A empresa poderá solicitar a conversão em multa da suspensão ou cassação de registros, cadastros ou credenciamentos, desde que assine um termo de ajustamento de conduta.
Fronteiras
O projeto também cria o Vigifronteiras e dá prazo de até 90 dias, depois de publicada a nova lei, para que o governo defina as regras da política pública.
O Vigifronteiras busca estabelecer um sistema integrado de vigilância agropecuária nas fronteiras do Brasil, para impedir o ingresso de substâncias ou agentes biológicos que possam causar danos à agropecuária e à natureza e de produtos agropecuários que não atendam aos padrões de qualidade ou aos requisitos de segurança exigidos ao consumo.
Sindicato quer levar projeto ao Plenário
O Anffa Sindical, que representa os auditores fiscais federais agropecuários, adianta que já está em contato com senadores contrários ao projeto para que entrem com recurso para levá-lo à apreciação no plenário. Tendo em vista o poder terminativo da CRA, será aberto prazo para a interposição de recurso, por pelo menos nove senadores, para que a matéria seja apreciada por todos os parlamentares. A proposição aprovada permite às empresas do setor produtivo se autofiscalizarem.

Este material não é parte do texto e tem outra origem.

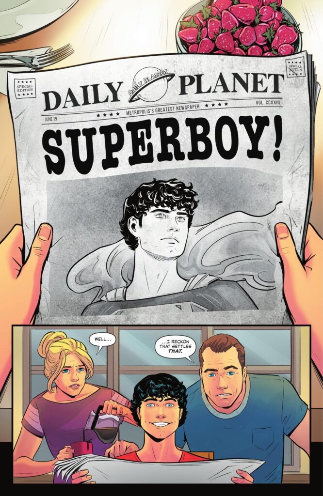 Al momento de escribir esto, el Origen oficial de Superman en la continuidad regular esta en flujo. En la nueva guía diseñada para establecer el lore, The New History of the DC Universe, Mark Waid cita partes tanto de Birthright como de Secret Origin, mientras que en Action Comics nos relata una nueva historia de Clark en su juventud, mostrando que en ese entonces actúa de manera semi-pública en un traje casero. Waid, un autor al que he citado en este escrito en multiples ocasiones, finalmente encuentra la manera más ingeniosa y sencilla de que Superboy exista y sea Lois quien le da el nombre en Action Comics #1088:
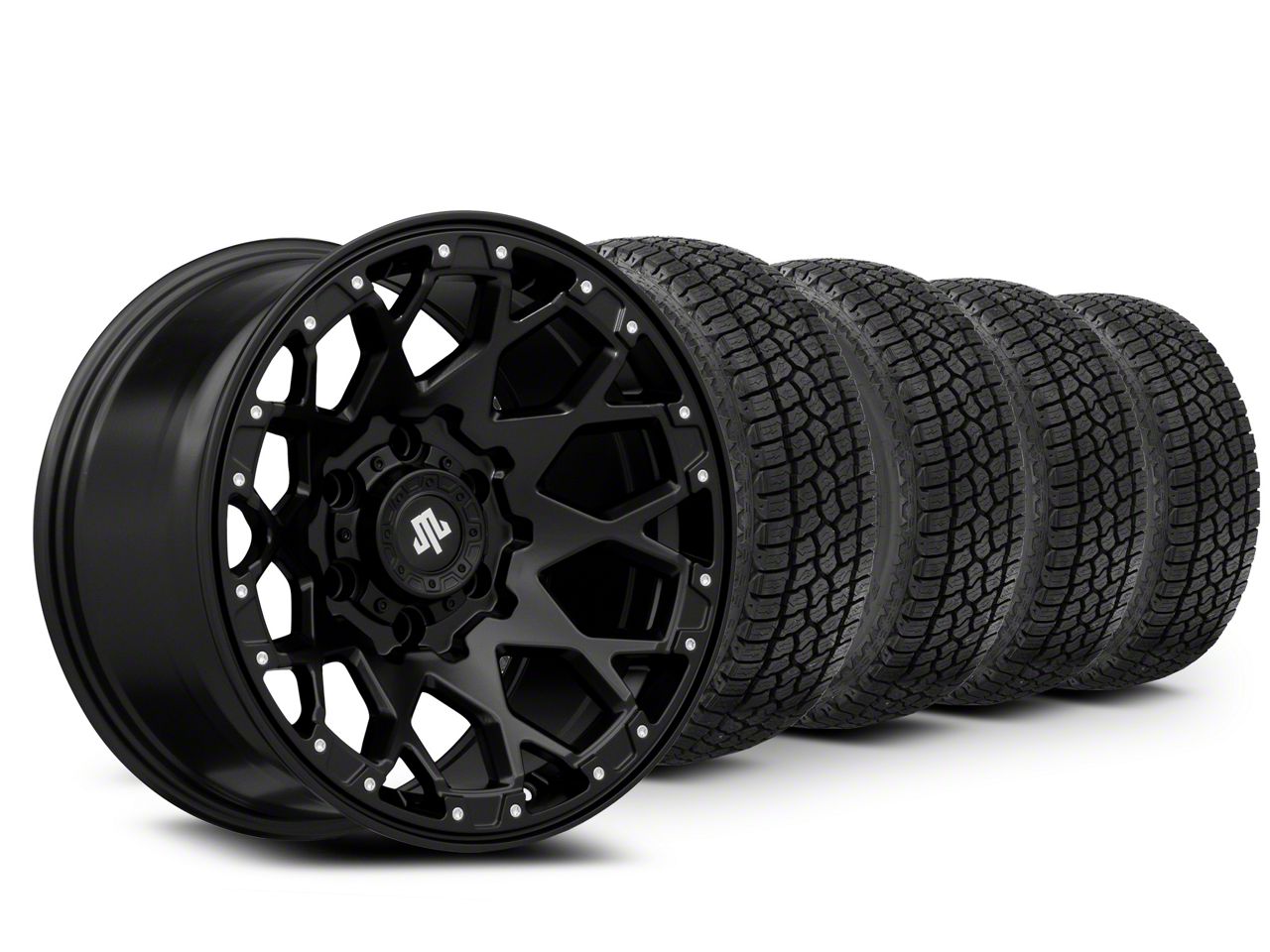 Mounted and Balanced Wheel and Tire Kit. This wheel and tire combo kit features (4) 17x9 Vex Satin Black Machined 6-Lug Wheels and (4) Milestar All-Terrain Patagonia AT/R 285/70R17 tires that have been put together into an easy to buy kit that arrives to your door already mounted and balanced ready to be installed on your vehicle.
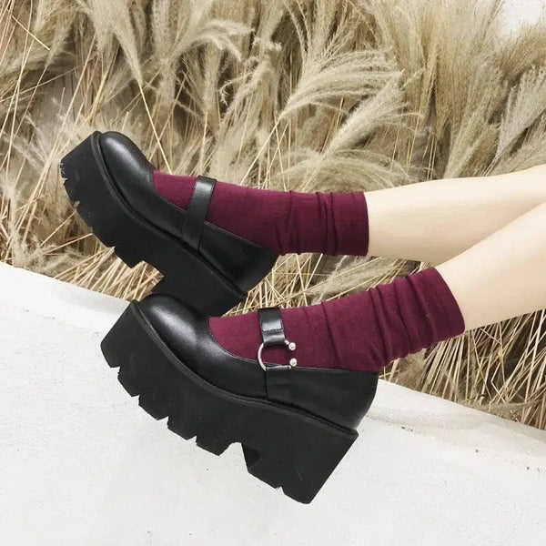 - Design: Retro-inspired platform shoes featuring a distinctive round buckle.

“Vamos atuar ativamente para levar esse PL ao plenário, por meio de recurso, com apoio dos senadores que defenderam a posição contrária à proposta”, destaca. “Seguimos na luta, em frente, e vamos até a última instância, combatendo a aprovação desse projeto”, enfatiza Janus Pablo, presidente da entidade.
“Estamos falando de hormônios, de antimicrobianos, de antiparasitários que deixam resíduos nas carnes, ovos, leite e outros alimentos que consumimos. É uma porta aberta para a terceirização de nossas atividades. É no mínimo um avanço sobre as competências das carreiras que compõem o Mapa (Ministério da Agricultura, Pecuária e Abastecimento), para não falar em usurpação. Somos os últimos guardiões do consumidor brasileiro. Se abruptamente formos retirados de uma planta frigorífica, por exemplo, isso deixa o consumidor muito indefeso. Precisaríamos de no mínimo uma década de transição para chegar a esse modelo”, complementa.